Jack’s plan was a simple one. He would leave before me and I would wait here for a little bit. Make it look like Jack had left to go home and then I would go home myself a little bit after. Not exactly the best plan, but after hours on the phone, I couldn’t come up with anything better. Jack had checked the mansion for bugs and came up empty-handed. And no one came knocking after I had brought Jack home either, so we didn’t think anyone was following us around. It would look like Jack left to go home, I got bored after Jack left (per usual) and then I went home myself.
I slipped my key into Jack’s hand watching as he curled his fingers over the cold metal. My heart flung itself into my throat. The words burned. They were so hard to get out. The risk we were taking. I swallowed hard, gasping for air. In the darkness of Helena’s I could see that Jack was clutching my key so tightly his knuckles were white. Was he having second thoughts?
“One hour.” Those two simple words felt like acid bubbling from my lips. Jack simply nodded and went back to sipping his drink. We idly chatted. Jack pretended to check his phone, wished me goodnight, and left. I felt like everyone was staring at me. My skin crawled with their all-knowing gaze. Could they see through the ruse? Why were we making this such a big deal here now?

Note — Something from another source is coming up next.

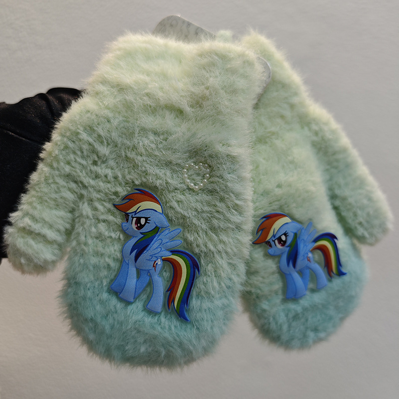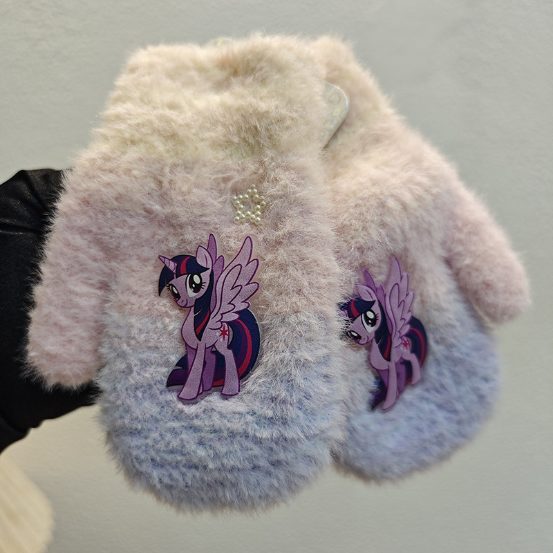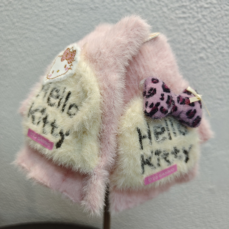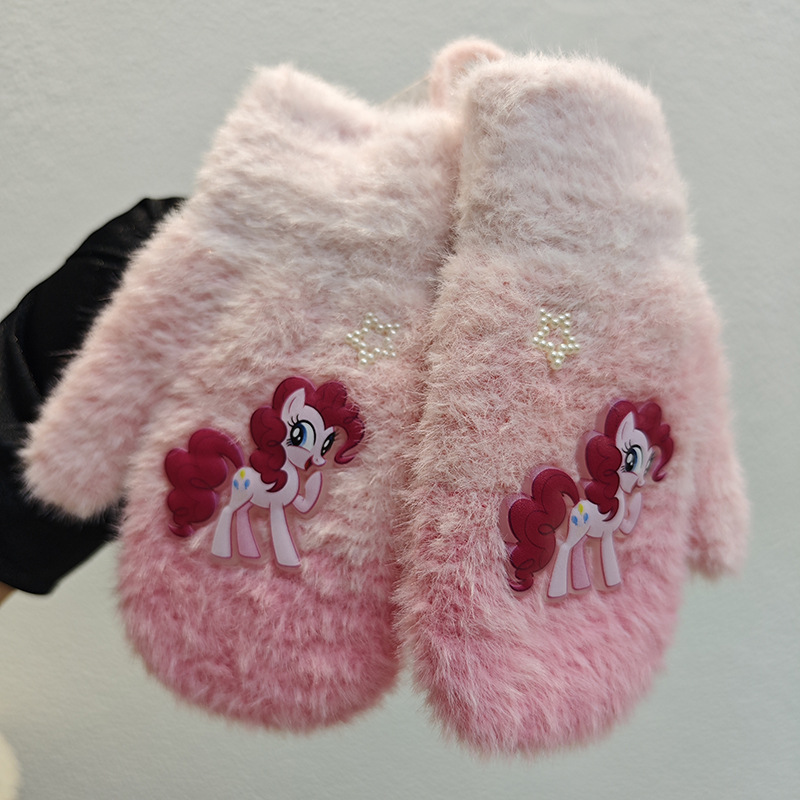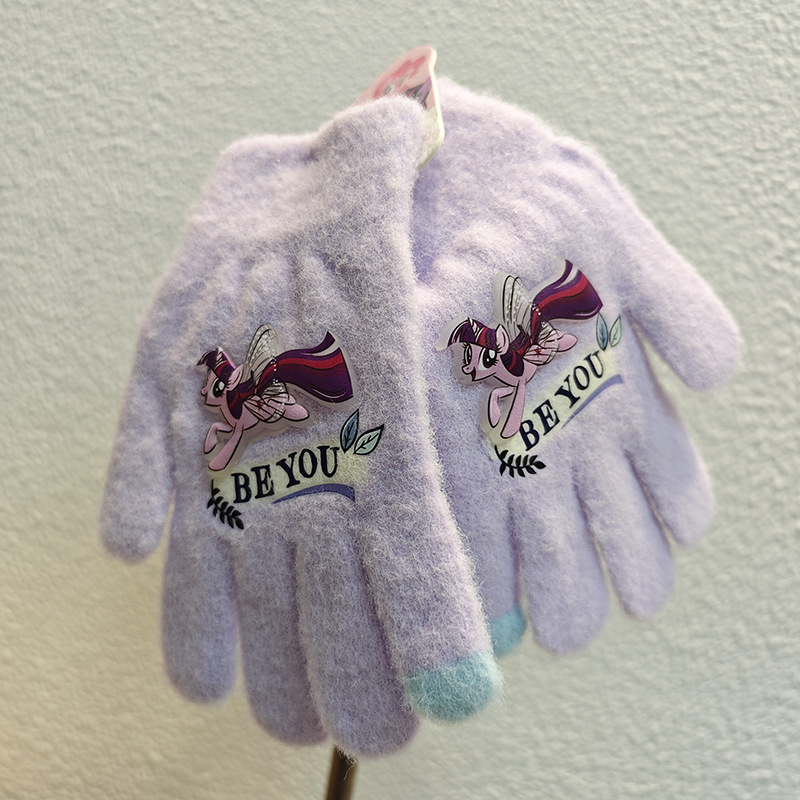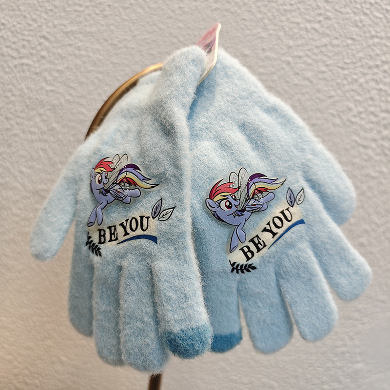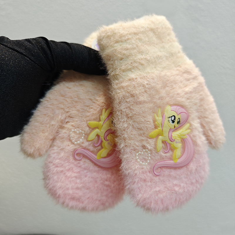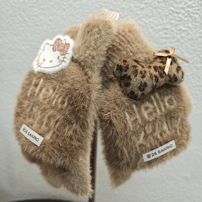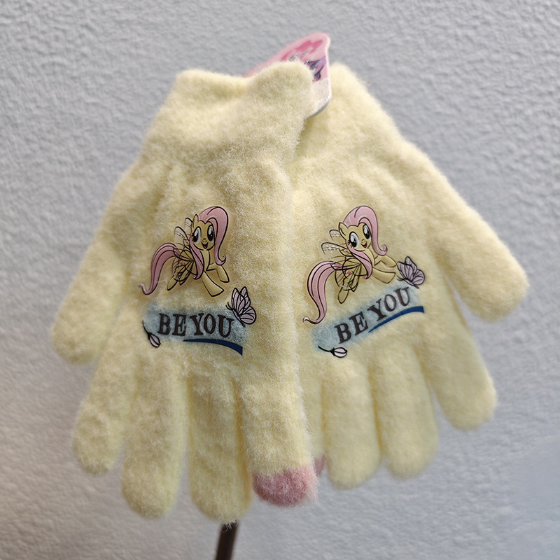 Sanrio 정품 공인 어린이 장갑 소녀를위한 겨울 반 손가락 플립 장갑 만화 초등 학생 쓰기 장갑

At no point before had our secrets left the confines of Helena’s, so why did we think they would now? Surely anything that had been said or done would have already reached Gideon and damned us long ago.
Despite being a Monday, or because of, the bar was packed. So many prying eyes that could potentially ruin the plan. Jack and I had been careful though, there was no reason for Gideon to assume anything, and thus, no need for spies. Soon I would go back to my apartment, Jack already waiting for me, and we would give it a shot. One month to see if we could make this work, make it worth the risk we we daring to take. Not enough time, but we had no choice. Jack’s confidence in the situation usually calmed my worries, but for now I was left alone with my own thoughts.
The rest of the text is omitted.